Essentially, data controllers remain liable for their own compliance with GDPR. And the ICO warns they must only appoint processors who can provide “sufficient guarantees” that the regulatory requirements will be met and the rights of data subjects protected.

tl;dr, be careful who and how you subcontract.

Right to human review for some AI decisions

Article 22 of GDPR places certain restrictions on entirely automated decisions based on profiling individuals — but only in instances where these human-less acts have a legal or similarly significant effect on the people involved.

There are also some exemptions to the restrictions — where automated processing is necessary for entering into (or performance of) a contract between an organization and the individual; or where it’s authorized by law (e.g. for the purposes of detecting fraud or tax evasion); or where an individual has explicitly consented to the processing.

In its guidance, the ICO specifies that the restriction only applies where the decision has a “serious negative impact on an individual”.

Suggested examples of the types of AI-only decisions that will face restrictions are automatic refusal of an online credit application or an e-recruiting practices without human intervention.

Having a provision on automated decisions is not a new right, having been brought over from the 1995 data protection directive. But it has attracted fresh attention — given the rampant rise of machine learning technology — as a potential route for GDPR to place a check on the power of AI blackboxes to determine the trajectory of humankind.

The real-world impact will probably be rather more prosaic, though. And experts suggest it does not seem likely that the regulation, as drafted, equates to a right for people to be given detailed explanations of how algorithms work.

Though as AI proliferates and touches more and more decisions, and as its impacts on people and society become ever more evident, pressure may well grow for proper regulatory oversight of algorithmic blackboxes.

In the meanwhile, what GDPR does in instances where restrictions apply to automated decisions is require data controllers to provide some information to individuals about the logic of an automated decision.

They are also obliged to take steps to prevent errors, bias and discrimination. So there’s a whiff of algorithmic accountability. Though it may well take court and regulatory judgements to determine how stiff those steps need to be in practice.

Individuals do also have a right to challenge and request a (human) review of an automated decision in the restricted class.

Here again the intention is to help people understand how their data is being used. And to offer a degree of protection (in the form of a manual review) if a person feels unfairly and harmfully judged by an AI process.

The regulation also places some restrictions on the practice of using data to profile individuals if the data itself is sensitive data — e.g. health data, political belief, religious affiliation etc — requiring explicit consent for doing so.
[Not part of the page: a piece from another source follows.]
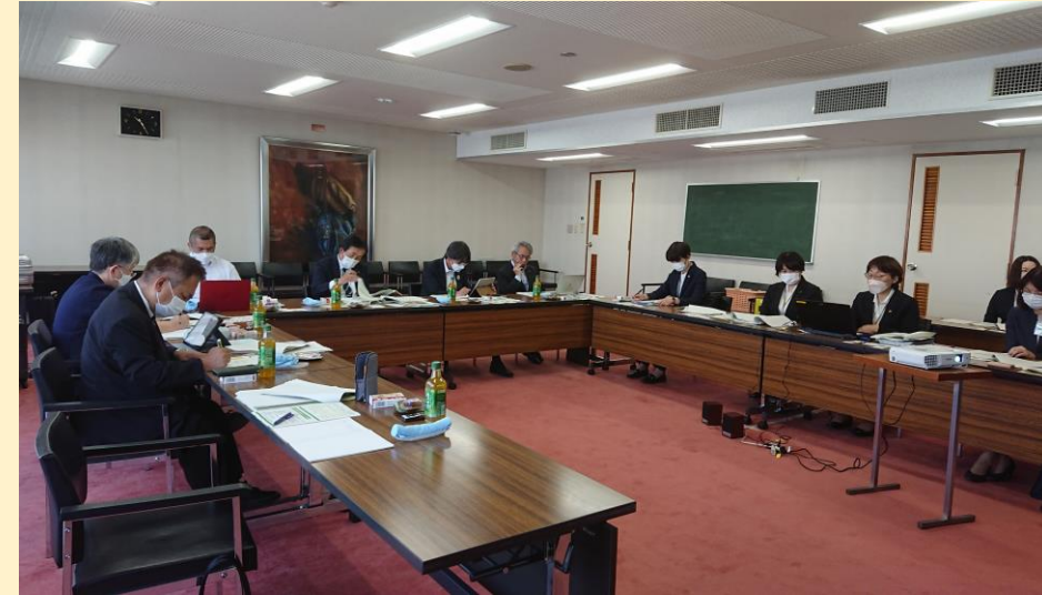
坂戸市職員から説明を受ける

Or else that the processing is necessary for substantial public interest reasons (and lies within EU or Member State law).

While profiling based on other types of personal data does not require obtaining consent from the individuals concerned, it still needs a legal basis and there is still a transparency requirement — which means service providers will need to inform users they are being profiled, and explain what it means for them.

And people also always have the right to object to profiling activity based on their personal data.